Palestinian Talks With Israel OK'd

Palestinian Authority President Mahmoud Abbas, also known as Abu Mazen, adjusts his glasses during a news conference, Monday, June 5, 2006. (AP Photo/Kevin Frayer) AP

Hamas officials on Tuesday gave Palestinian President Mahmoud Abbas the go-ahead for negotiations with Israel, a major shift in the militant Islamic group's position toward the Jewish state as it worked to end its international isolation.

As Palestinian officials pushed ahead with efforts to form a national unity government, an Israeli military court ordered the release of 19 Hamas officials — including Cabinet ministers and lawmakers — from an Israeli prison.

The men, arrested by Israel following the June 25 capture of Israeli Cpl. Gilad Shalit by Hamas-linked militants, will remain behind bars for several more days pending an appeal by prosecutors.
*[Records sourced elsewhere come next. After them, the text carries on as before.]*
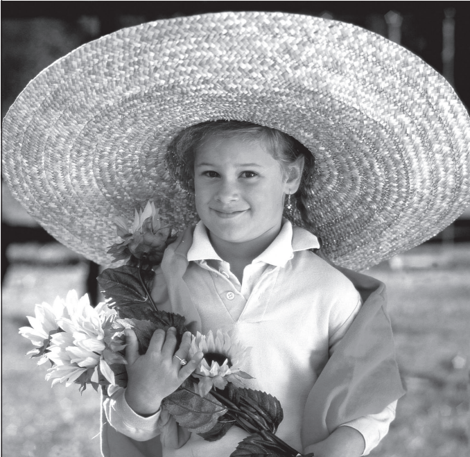
Alle Damen erhalten eine kleine Überraschung zum Muttertag
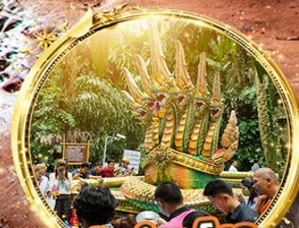
ปากชะโนด
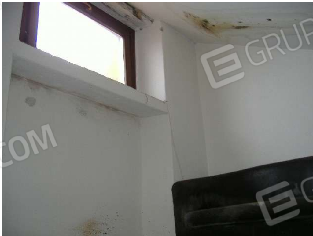
P.2 – Soppalco
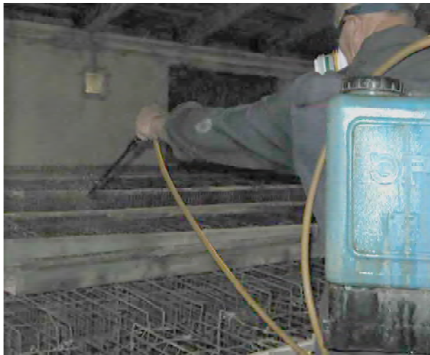
Рисунок 2. Обработка технологического оборудования птичника инсектицидом
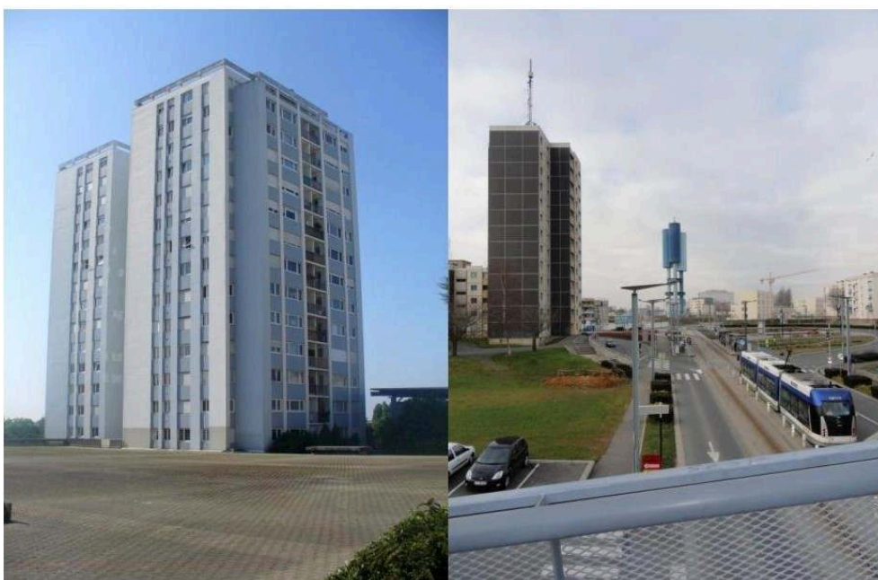
Gauche : Les tours jumelles (lycéens). Droite : Les tours noires (étudiants).
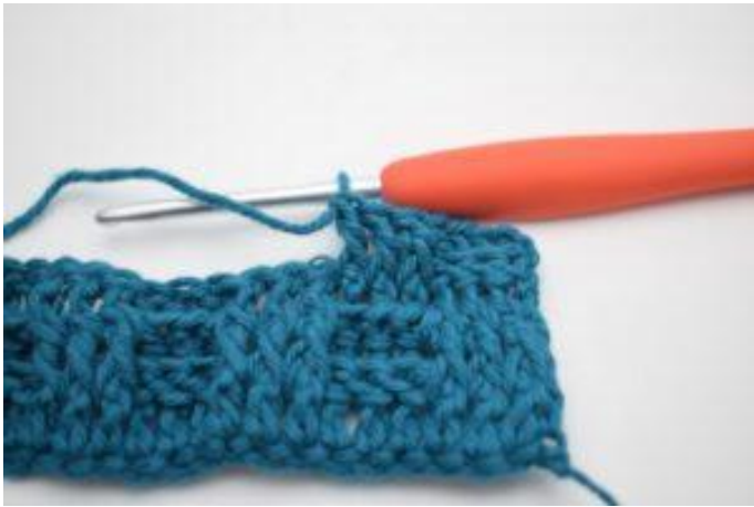
7. Crocheter 1 bRav autour des 2 b suivantes
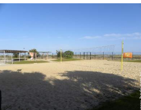
campo de vôlei
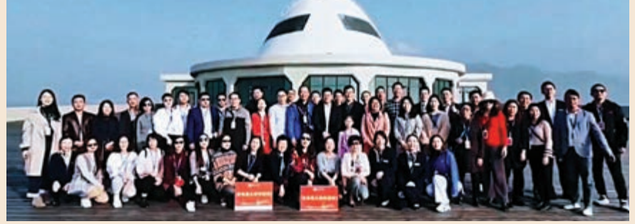
▲遊客們在人工島合影留念

Israeli officials said the court decision was not meant to reward Hamas for its moves toward moderation.

"I don't think that right now we would be making gestures of goodwill for the Hamas. We would be making gestures of goodwill to Abu Mazen," Israeli government spokeswoman Miri Eisin said, referring to the moderate Abbas by his nickname. Eisin said the courts were independent of the government.

In other developments:

  • Gunmen from the ruling Hamas movement ambushed an Israeli soldier at close range, as troops searched for weapons smuggling tunnels in Gaza, reports CBS News correspondent Robert Berger. It was the first Israeli fatality since Israel launched an ongoing offensive in Gaza more than two months ago. The offensive was sparked by the kidnapping of an Israeli soldier, who is still being held by Hamas gunmen in Gaza. So far, negotiations for a prisoner swap have failed to achieve results.

  • Tanks, artillery trucks and other equipment for French peacekeepers rolled off a cargo ship Tuesday in Beirut to help them monitor a U.N.-brokered cease-fire between Israel and Hezbollah, a spokesman said. French forces were deploying throughout the week in Lebanon in an enhanced deployment for the 28-year-old U.N. peacekeeping force in the south of the country.

  • Hungary's parliament would be willing to back the deployment in Lebanon of a small contingent of doctors and border guards, lawmakers said Tuesday. Hungary has opposed sending troops to Lebanon because it already has reached its limit of around 1,000 soldiers available for international peacekeeping missions and because of the risk that troops in Lebanon could be involved in combat situations.

    Hamas, whose ideology calls for Israel's destruction, reached agreement Monday with Abbas' Fatah Party to form a unity government in an effort to end the financial crisis crippling the Palestinian economy. International donors cut off aid to the Palestinian Authority when Hamas formed its Cabinet six months ago. Hamas is listed as a terror group by Israel and the West.

    Israel says the new Palestinian government could be a positive development if it renounces violence and recognizes the Jewish state. But that's unlikely to happen, reports . Hamas officials say they won't recognize Israel, a state the group seeks to destroy. The new government's platform is based on a document which legitimizes attacks on Israeli soldiers and settlers in the West Bank. Israel says that's a non-starter.